Vladimir Mikhaylovich Kapitsyn* & Ebru Birinci**
kapizin@yandex.ru & ebrubirinci@windowslive.com


The problems of regulation in international relations (IR) have been discussed in foundational studies, such as those of N. Machiavelli, G. Grotius, F. Suarez, T. Hobbes, C. Montesquieu, I. Kant. Montesquieu, exploring the spirit of the law, asked about the regulators operating in areas higher than the laws of the state, about “the relations of justice that preceded the positive law that established them.”[1] In the XX and XXI centuries, this topic was developed more intensively in political philosophy (K. Schmitt, J. Maritain, J. Rawls, A. S. Panarin, F. Fukuyama), political science, and sociology of international relations (R. Aron, N. Luhmann, I. Wallerstein, H. Bull, P. A. Tsygankov, A. Etzioni).

The purpose of the article is to substantiate the significance of the hierarchy of regulators of violence by identifying the main regulation formats.

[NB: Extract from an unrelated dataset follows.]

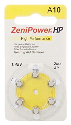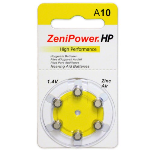-. Binding : Electronics -. Brand : ZeniPower -. EAN : 6923601280111 -. Feature : The zinc-air cell has the highest energy density of any battery system. / High drain output: Will power the heaviest duty hearing aids easily. / Excellent Sealed Shelf Life: Up to three years shelf life sealed with tab. / Flat Discharge: Constant output voltage makes less adjustment of your hearing aid. / 60 batteries Standard dial pack, 10 cards of 6 cells each -. Label : ZeniPower -. Manufacturer : ZeniPower -. Model : Size 10 Yellow -. MPN : Size 10 Yellow -. PackageQuantity : 1 -. PartNumber : Size 10 Yellow -. ProductGroup : Health and Beauty -. ProductTypeName : CONSUMER_ELECTRONICS -. Publisher : ZeniPower -. Studio : ZeniPower -. Title : Zenipower Hearing Aid Batteries Size: 10 (60 Batteries)

From the standpoint of functional and system analysis, the authors examine the optimality of the hierarchy format established by the great powers to develop other formats: international law and world politics. This facilitates the emergence of a paradigmatic explanation of the “load-bearing structures” of IR, in which the regulators of violence are formatted.[2]

* Professor of Political Science, Lomonosov Moscow State University (Russia)

** PhD Candidate, Lomonosov Moscow State University (Russia)

To put it in N. Luhmann’s terms, the desire to use selective agreements between states (authoritative collective agreements) to limit contingencies (withdrawals from agreements, violation of agreements) leads to an understanding of the possibilities of interaction between power balances and hierarchy. A hierarchical system of IR regulators has been emerging. Many IR concepts are based on the regulation of violence, expressed through “balance of power,” “restrictions on the resort to force,” “mutually balancing coalitions,” “restrictions on concentrated power,” “binding institutions”[3], “levelling vulnerability”[4]. But balances do not abolish hierarchies; they can be thoroughly combined with the latter, integrating into hierarchical structures at such levels of regulation of the balance of forces:

  • “agreements of the great powers”;
  • lower the level of “conventions of international law”;
  • even lower is the level of “bilateral and multilateral agreements of other states” (world politics).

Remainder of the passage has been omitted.